To understand the homeostatic function of enhanced sterol synthesis, we determined the consequences of inhibiting sterol metabolism in HeLa cells that express wild-type and mutant neuroserpin. No effect on neuroserpin levels was detected by western blot or ELISA when wild-type neuroserpin-expressing HeLa cells were treated with 2 and 5 µm simvastatin for 48 h (Fig. 9A). However, treatment with simvastatin resulted in a concentration-dependent accumulation of polymers in cells expressing G392E neuroserpin, as detected by western blot analysis (SDS and non-denaturing PAGE) and ELISA (Fig. 9B). Treatment with simvastatin also increased the level of Δ neuroserpin protein (Fig. 9C). In contrast, inhibition of squalene epoxidase by terbinofine, oxidosqualene-lanosterol cyclase by fumarate (Ro48–8071) and cytochrome P450 3A4 by ketoconazole did not alter the level of wild-type, G392E or Δ neuroserpin within cells (data not shown).

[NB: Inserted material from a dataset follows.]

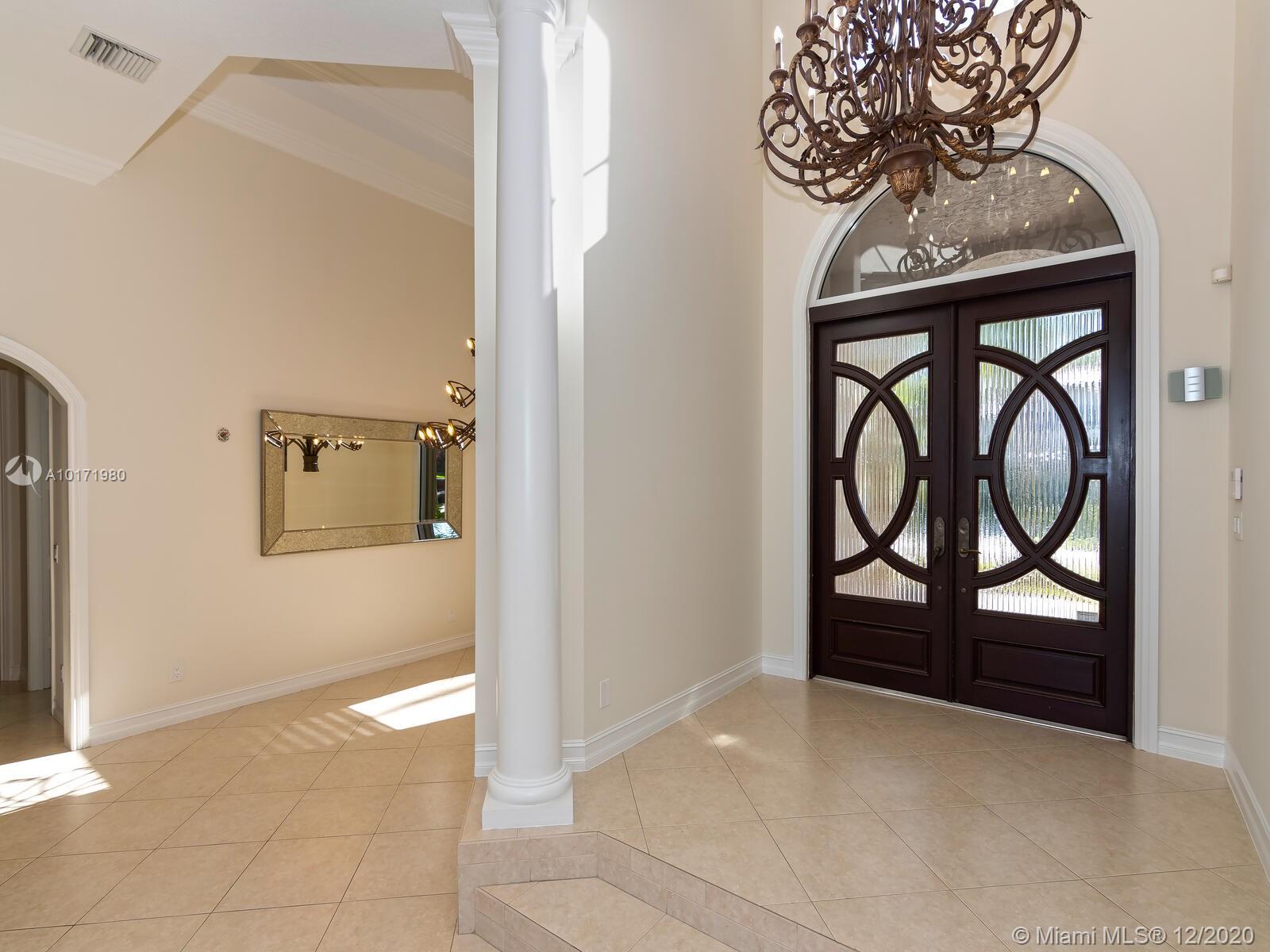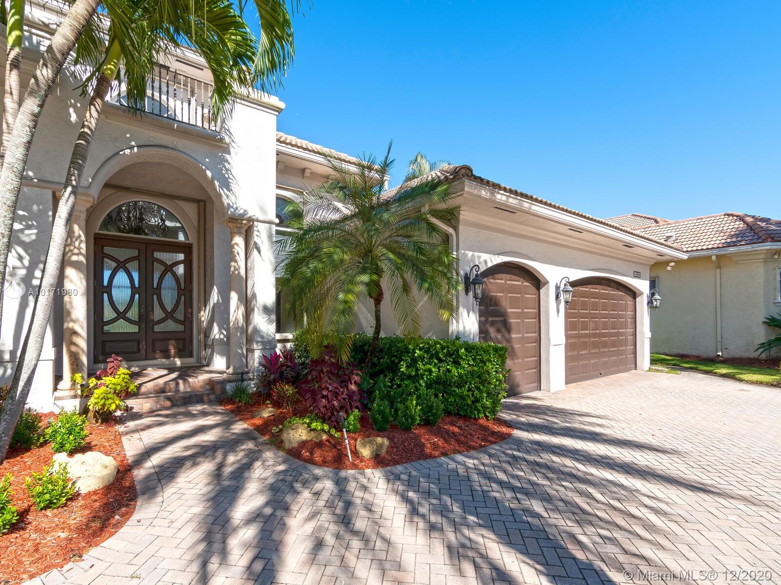 IMPECCABLY MAINTAINED CLASSIC MERLOT MODEL ON WIDE LAKE W/ FOUNTAIN VIEWS* 4 BEDROOMS (4TH BEDROOM SETUP CURRENTLY AS OFFICE WITH BUILT-INS DESK & BOOKCASES) 3 BATHS* PORCELAIN TILE & HARDWOOD FLOORING THRU-OUT* CHEF'S KITCHEN W/ STAINLESS STEEL APPLIANCES*CUSTOM CEILING DETAILS W LOADS OF CROWN MOLDINGS*CIRCULAR DRIVE* 3 CAR GARAGE* UPGRADED HURRICANE PROTECTION* HUGE OUTDOOR PATIO W/ RETRACTABLE AWNING PLUS SPARKLING HEATED POOL & SPA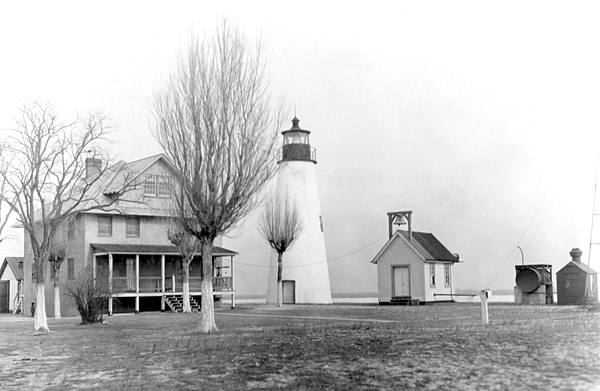 This light was built in 1828 by John Donahoo, who erected a 36 foot brick conical tower along the plan that he has used at several other sites in the Bay. In 1825 Congress had allocated funds to build a light at Cedar Point, four miles south at the mouth of the Patuxent River, but further consideration led to a decision to mark Cove Point and the shoal which jutted into the bay. A new appropriation in 1828 allowed construction of the light and the keepers house in the same year. James Somerville was the first keeper of the light, which first shown in December 1828. The original Argand lamps were replaced in 1855 with a fifth-order Fresnel lens; this in turn was upgraded to a fourth-order lens in 1857. A fog bell added in 1837 was moved several times and was mounted on both wood and iron frames before ending up on the roof of a wooden shed built in 1902 to house a fog horn.The foghorn equipment was moved in 1950 to a separate brick building, but the fog bell remains on the shed. Erosion was a significant problem, but was eventually brought under control through a seawall initially constructed in 1892 and upgraded in 1913 and 1993. The keeper's house was enlarged in 1881 when it was converted to a duplex with housing for two keepers and their families, and again in 1925 when inside kitchens were installed. In 1950 a separate small house was built as a home to a third keeper and his family. The lighthouse was completely automated in 1986. Cove Point remains an active aid to navigation and is the oldest continuously operating lighthouse on the Chesapeake Bay.

Figure 9. — Inhibition of the cholesterol biosynthesis pathway leads to an accumulation of mutants of neuroserpin in both HeLa cells and primary neurones. Neuroserpin expression was induced in HeLa cells (A–C) with 2 μg/ml doxycycline and treated or not with simvastatin (2 or 5 µm) for 2 days. Cell lysates were resolved by 10% w/v acrylamide SDS- and 7.5% w/v acrylamide non-denaturing PAGE (for G392E neuroserpin) with associated-densitometries (hatched histograms) and measured by ELISA directed against total neuroserpin (grey histograms). The same membranes were stripped and re-probed to detect actin as a loading control. (A) The expression of wild-type neuroserpin was unaffected when cells were treated with 2 or 5 µm simvastatin for 2 days. Neuroserpin levels were detected by western blot analysis and densitometry and ELISA. (B) Treatment of HeLa cells expressing G392E neuroserpin with simvastatin results in a concentration-dependent increase in neuroserpin. This was apparent on western blot analysis of both SDS (and associated densitometries in hatched histogram) and by ELISA (grey histogram) for total neuroserpin. Non-denaturing PAGE confirmed that the protein was present as polymers. (C) Treatment with simvastatin increases the amount of Δ neuroserpin in HeLa cells when assessed by western blot analysis and associated densitometry, without a concentration response. Primary neurones were transfected with the wild-type (D) or G392E (E) neuroserpin after 7 days *in vitro* and treated or not with simvastatin. Forty-eight hours later, the neurones were lysed and assessed for total neuroserpin by ELISA. Simvastatin has no effect on wild-type neuroserpin (D) but increases the quantity of G392E neuroserpin in a concentration-dependent manner (E). Data are from three independent experiments for each cell line. *P < 0.05.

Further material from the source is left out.